"What is the matter?" asked Porthos; "are you faint?"
"No, only I feel how utterly helpless our position is. Can we three pretend to go and take the Bastille?"
"Well, if D'Artagnan were only here," replied Porthos, "I don't know about that."
Raoul could not resist a feeling of admiration at the sight of such a perfect confidence, heroic in its simplicity. These were truly the celebrated men who, by three or four, attacked armies and assaulted castles! Those men who had terrified death itself, and who survived the wrecks of an age, and were still stronger than the most robust of the young.
"Monsieur," said he to Porthos, "you have just given me an idea; we absolutely must see M. d'Artagnan."
"Undoubtedly."
"He ought by this time to have returned home, after having taken my father to the Bastille.
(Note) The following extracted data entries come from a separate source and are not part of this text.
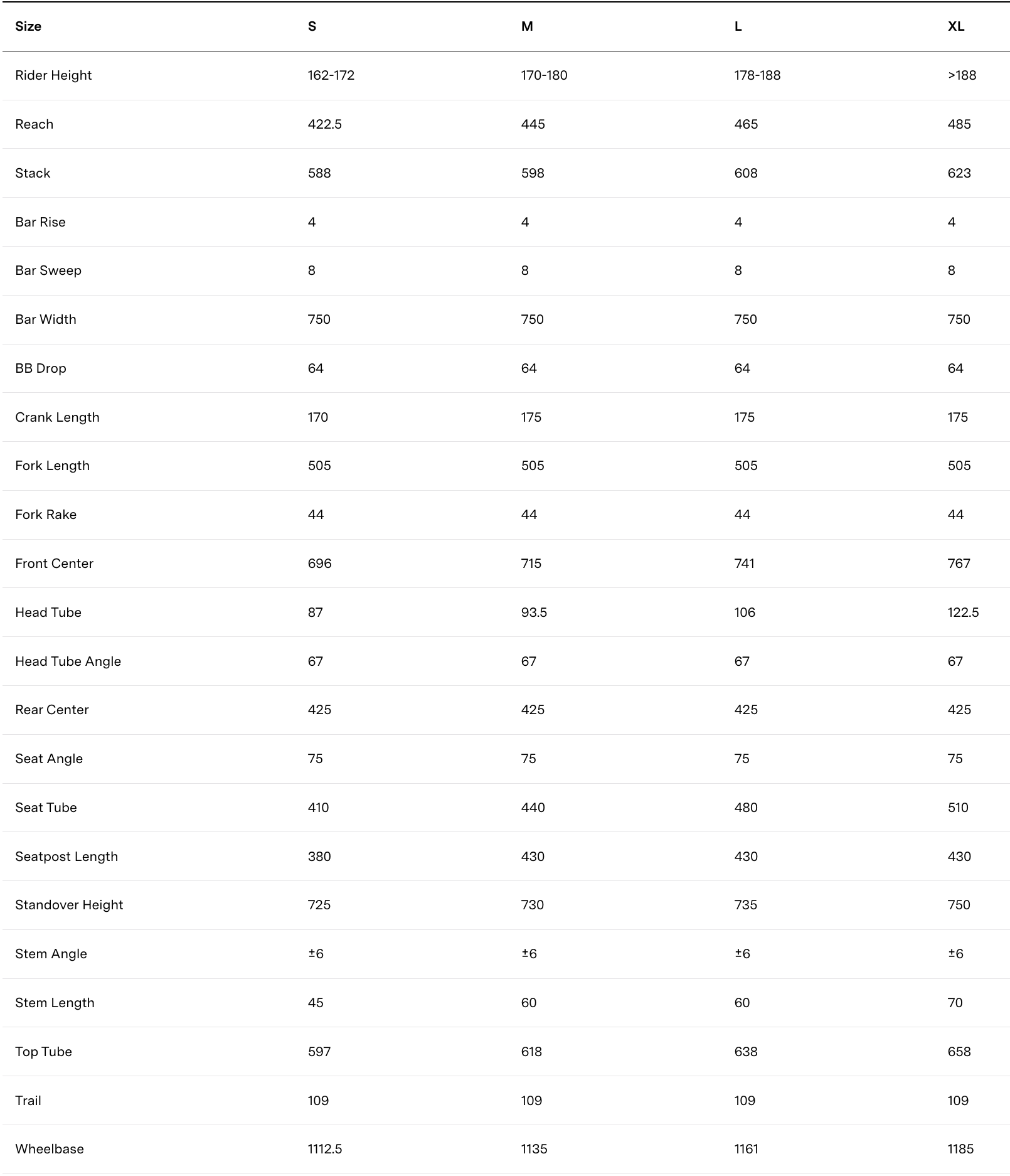 Un ángulo de dirección de 67˚, un frontal adelantado de la bicicleta y un ángulo de sillín de 75˚ para atacar terrenos empinados y sueltos con una perfecta distribución del peso.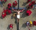 Ahead of their crucifixion on a dusty hill, Enaje and the other devotees, wearing thorny crowns of twigs, carried heavy wooden crosses on their backs for more than a kilometer (more than half a mile) in the scorching heat. Village actors dressed as Roman centurions later hammered 4-inch (10-centimeter) stainless steel nails through his palms and feet, then set him aloft on a cross under the sun for about 10 minutes.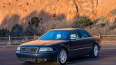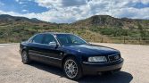 This 2003 Audi S8 is one of approximately 300 units imported for the final US model year of the D2 platform. Finished in Ming Blue Pearl Effect over Platinum Valcona leather, its 40-valve 4.2L V8 was replaced in 2016. It was retrofitted in September 2022 with a six-speed manual transaxle, which drives all four wheels through a Quattro all-wheel-drive system with a Torsen center differential. BBS 18″ wheels, Bilstein shock absorbers, European-specification xenon headlights, heated front and rear…

Let us go to his house."
"First, inquire at the Bastille," said Grimaud, who was in the habit of speaking little, but that to the purpose.
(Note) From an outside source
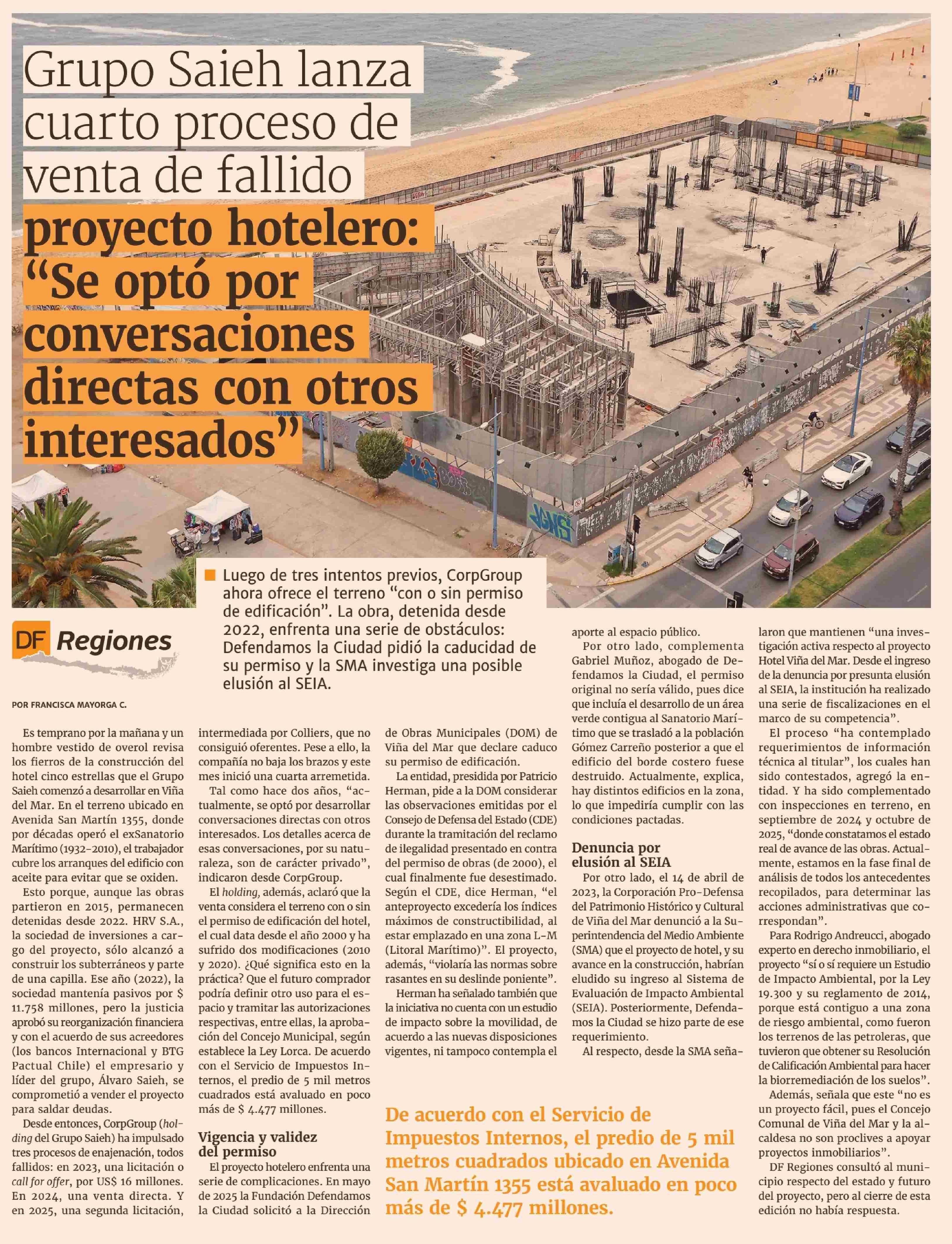 Grupo Saieh lanza cuarto proceso de venta de fallido proyecto hotelero: "Se optó por conversaciones directas con otros interesados" 23-01-2026 Diario Financiero |

Accordingly, they hastened toward the fortress, when one of those chances which Heaven bestows on men of strong will, caused Grimaud suddenly to perceive the carriage, which was entering by the great gate of the drawbridge. This was at the moment that D'Artagnan was, as we have seen, returning from his visit to the king. In vain was it that Raoul urged on his horse in order to join the carriage, and to see whom it contained. The horses had already gained the other side of the great gate, which again closed, while one of the sentries struck the nose of Raoul's horse with his musket; Raoul turned about, only too happy to find he had ascertained something respecting the carriage which had contained his father. "We have him," said Grimaud.
"If we wait a little it is certain he will leave; don't you think so, my friend?"